A mathematical model suggested for VF [1] is a system where the electrical activity (as shown in an electrocardiogram), mVt, at a particular time, t, is given by Equation 1. In this model mVt is related to the electrical activity the system had at the preceding time, t-1, (mVt-1).


Equation 1. mVt = k(mVt-1)(1- mVt-1)


In Equation 1. k is a constant which in this illustration we will give a value of 4.000000. We will consider two initial conditions. The first initial condition is at t = 1, mV0 = 0.2000000. In the second initial condition, mV0 = 0.2000001. That is, the two initial conditions differ by only one part in a million from one another! Figure 1 shows a plot of the values of mVt vs t for this system under the two different initial conditions as calculated using Equation 1.

Figure 1. mVt vs time from equation 1 with two initial conditions. Blue = mV0 = 0.2000000; Green = mV0 = 0.2000001


Two things stand out in Figure 1. First, both plots look a lot like a random variation of mVt with time. Second, the blue and green variations of mVt with time begin to diverge a lot after t = 10 even though the initial conditions were only one part in a million different.


But in this illustration we know that mVt vs time is not random—it’s determined by equation 1. where at each time the value of mVt is determined by the value it had at the immediately preceding time (mVt-1)—our ideas of what is really random may need modification. We also see that as the system evolves with time how critically the values of mVt at later times depend on the starting values—this is an example of the butterfly effect.


Turning to the original point of this article, there is controversy concerning whether or not cardiac chaos is present in VF. The problem is distinguishing chaotic behavior from random fluctuations. That is: When the heart undergoes a transition from normal sinus rhythm to VF, do its motions become simply random (no relation between one quiver and the next), or are they chaotic (each quiver depends on previous ones in a determinate way such as in Equation 1)? There is evidence tending to support both models [1, 5] and the controversy Is ongoing.

Why should this seemingly esoteric point be important in considering the effects of antiarrhythmic drugs? Part of the answer is that if VF is a chaotic phenomenon, the specific action of a single drug may have unpredictable consequences on the whole heart much like the localized wind movement that can affect a large weather pattern—a cardiac butterfly effect.


This may underlie the fact that clinical antiarrhythmic drugs that block ion channels have not been effective in stopping VF and sudden cardiac death whereas drugs that block the general neurohumoral pathways that activate these channels (for example, beta blockers) are effective in saving lives. It is possible that in chaotic systems it's better to shut down or inhibit the whole system rather than tinkering with its parts.
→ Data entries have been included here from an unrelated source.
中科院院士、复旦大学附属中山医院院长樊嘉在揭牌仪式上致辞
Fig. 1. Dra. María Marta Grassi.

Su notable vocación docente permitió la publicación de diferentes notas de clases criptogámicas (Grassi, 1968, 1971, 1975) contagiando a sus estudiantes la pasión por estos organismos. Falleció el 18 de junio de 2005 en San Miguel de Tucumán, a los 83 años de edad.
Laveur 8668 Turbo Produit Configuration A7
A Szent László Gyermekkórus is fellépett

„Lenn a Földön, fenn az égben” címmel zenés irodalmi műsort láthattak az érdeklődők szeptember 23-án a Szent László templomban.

Even more, it may be that the body in general needs to be considered as a chaotic system in the sense that, in some cases, perturbing one function by a drug may have widespread and unpredictable effects on general physiology.


References

1. Weiss, J.N., et al., Chaos and the transition to ventricular fibrillation: a new approach to antiarrhythmic drug evaluation. Circulation, 1999. 99(21): p. 2819-26.

2. Gleick, J., Chaos : making a new science. 20th anniversary ed. 2008, New York, N.Y.: Penguin Books. xiii, 360 p.
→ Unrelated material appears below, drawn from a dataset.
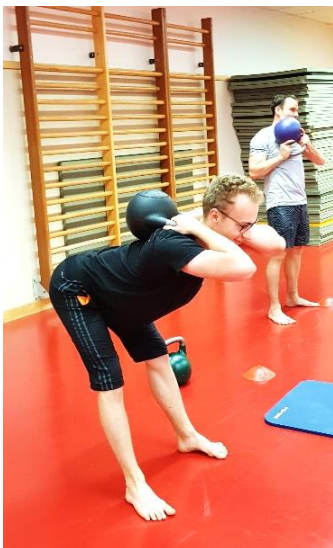
Energieverbrauch kcal, während einer 30 minütigen Trainingseinheit
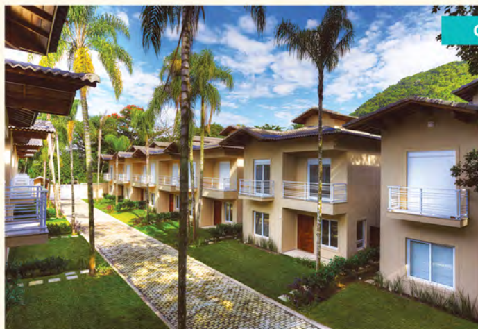
FOTO DA ALAMEDA DO EMPREENDIMENTO

3. Crutchfield, J.P., et al., Chaos. Scientific American, 1986. 255: p. 46-57.

4. Rickles, D., P. Hawe, and A. Shiell, A simple guide to chaos and complexity. J Epidemiol Community Health, 2007. 61(11): p. 933-7. (can be downloaded from the Journal website)

5. Goldberger, A.L., et al., Nonlinear dynamics in sudden cardiac death syndrome: heartrate oscillations and bifurcations. Experientia, 1988. 44(11-12): p. 983-7.